CORDIS - EU research results
CORDIS

3D-IMAGE PROCESSING SYSTEM FOR HELPING PHYSICIANS IN THE DIAGNOSIS AND MONITORING OF SCOLIOSIS

Final Report Summary - SCOLIO-SEE (3D-IMAGE PROCESSING SYSTEM FOR HELPING PHYSICIANS IN THE DIAGNOSIS AND MONITORING OF SCOLIOSIS)

Executive Summary:
Any change that has a positive impact on citizens’ health is relevant for all the European government agencies and companies involved in the medical and health sector.

Although it is known and recognized that the repeated usage of x-rays in the medical imaging context, has negative long-term effects on the patients’ health, it remains nevertheless a common practice to identify and diagnose the internal causes of a trauma. The X-Rays permit to assess at a time the causes of the pain and to respond of the need for surgery that in itself is also a risk.

The x-ray technology is part of the many human paradoxes, in the same way as our usage of fossil energies, a problem to a solution, the fossil fuel emission control, the Kyoto protocol.
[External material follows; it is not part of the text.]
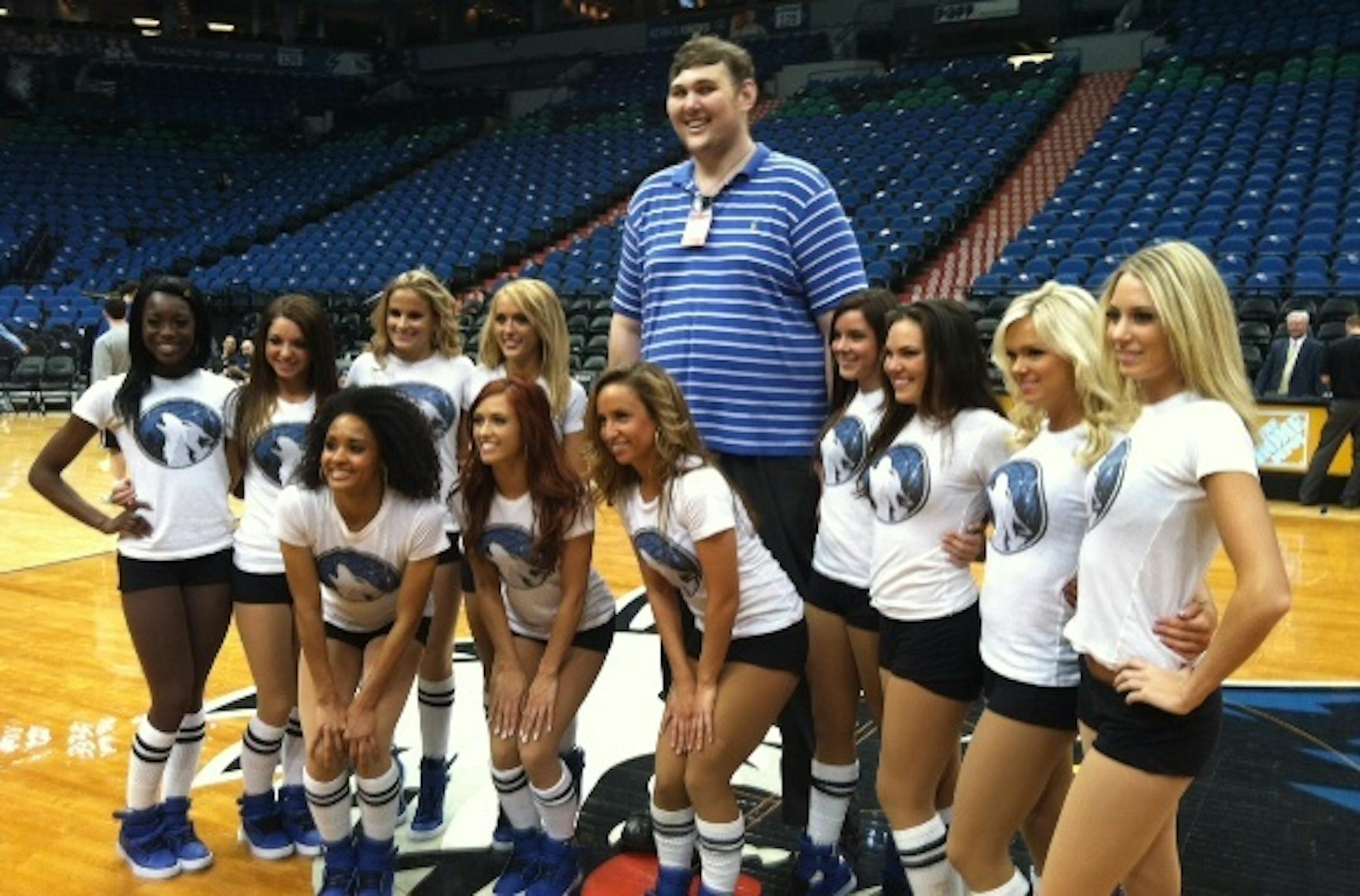 Also, if you didn't read our account of the world's tallest living American -- Igor Vovkovinskiy -- and his first trip to a Wolves game in several years, you can check it out here. Below is a shot we took of 7-foot-8 Igor with the Wolves dance team.
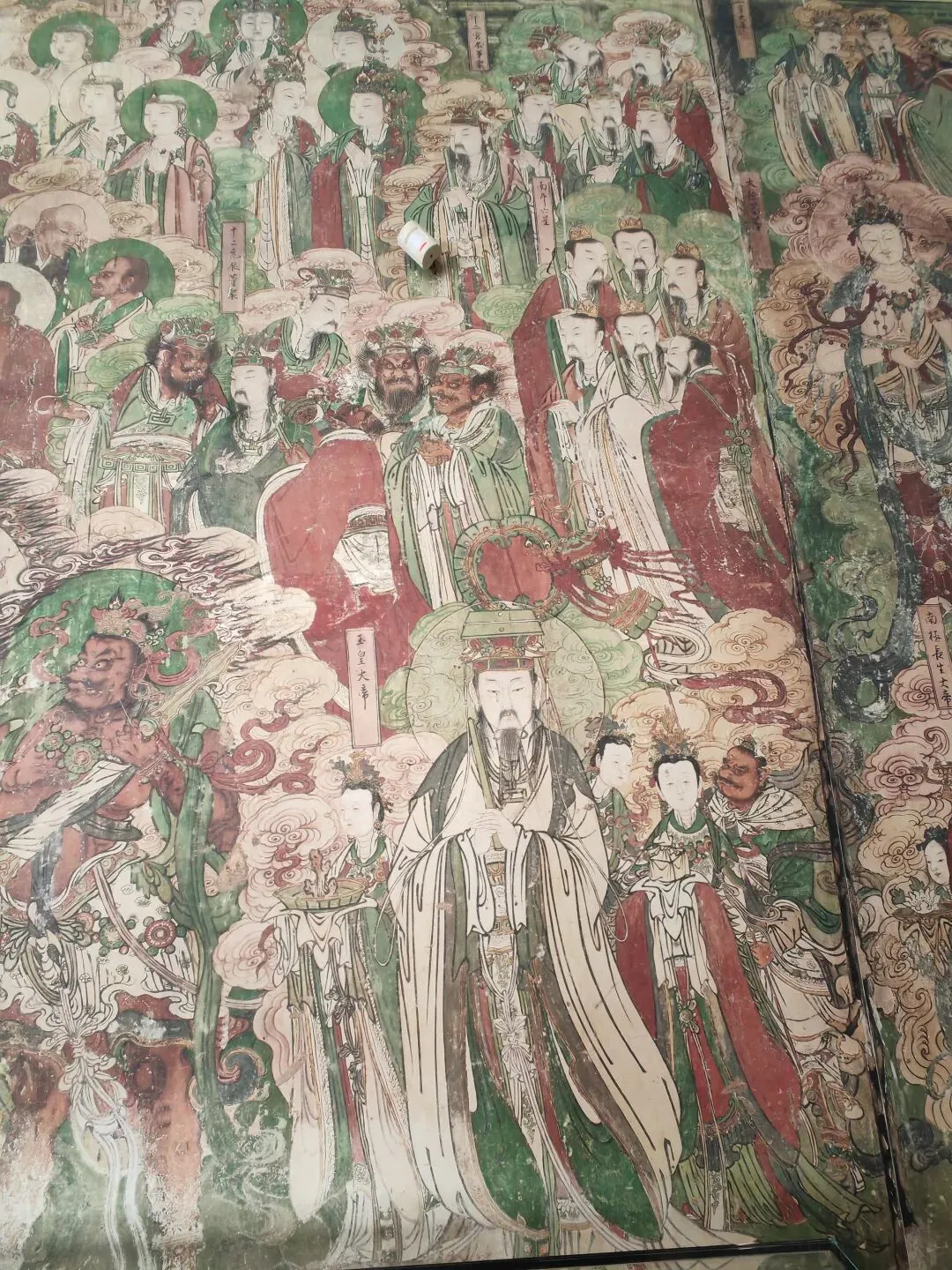 能够看得出,每一组人物都有清晰榜题,神态细节无一不精,或慈悲、或威严、或端庄、或肃穆,508个形象无一重复,仿佛一壁之间,藏着整个天地众生,堪称天神地仙的大聚会。

In the medical context, the sanitary protocols as to radiation exposure are controlled by safety procedures based on the dose rate (Sv), the time the body is exposed to that dose. To put the problem into perspective, a spinal X-ray correspond to the radiation per hour detected at Fukushima site (+1 day after the disaster), around 1.4 millisieverts (mSv), when the average dose of natural background radiation per person per years (varies widely) is around the 2.2 millisieverts (mSv) .

Whereas the usage of fossil energies is widely disputed and identified as one of the main causes of the climatic and environmental changes that will, directly or indirectly affect all the aspects of our social environment. On a scale not so far from this, it remains that the radiations from the Medical Sector represent 14% of the total amount of emitted radiations on the earth and the remaining 85% are from natural radiation .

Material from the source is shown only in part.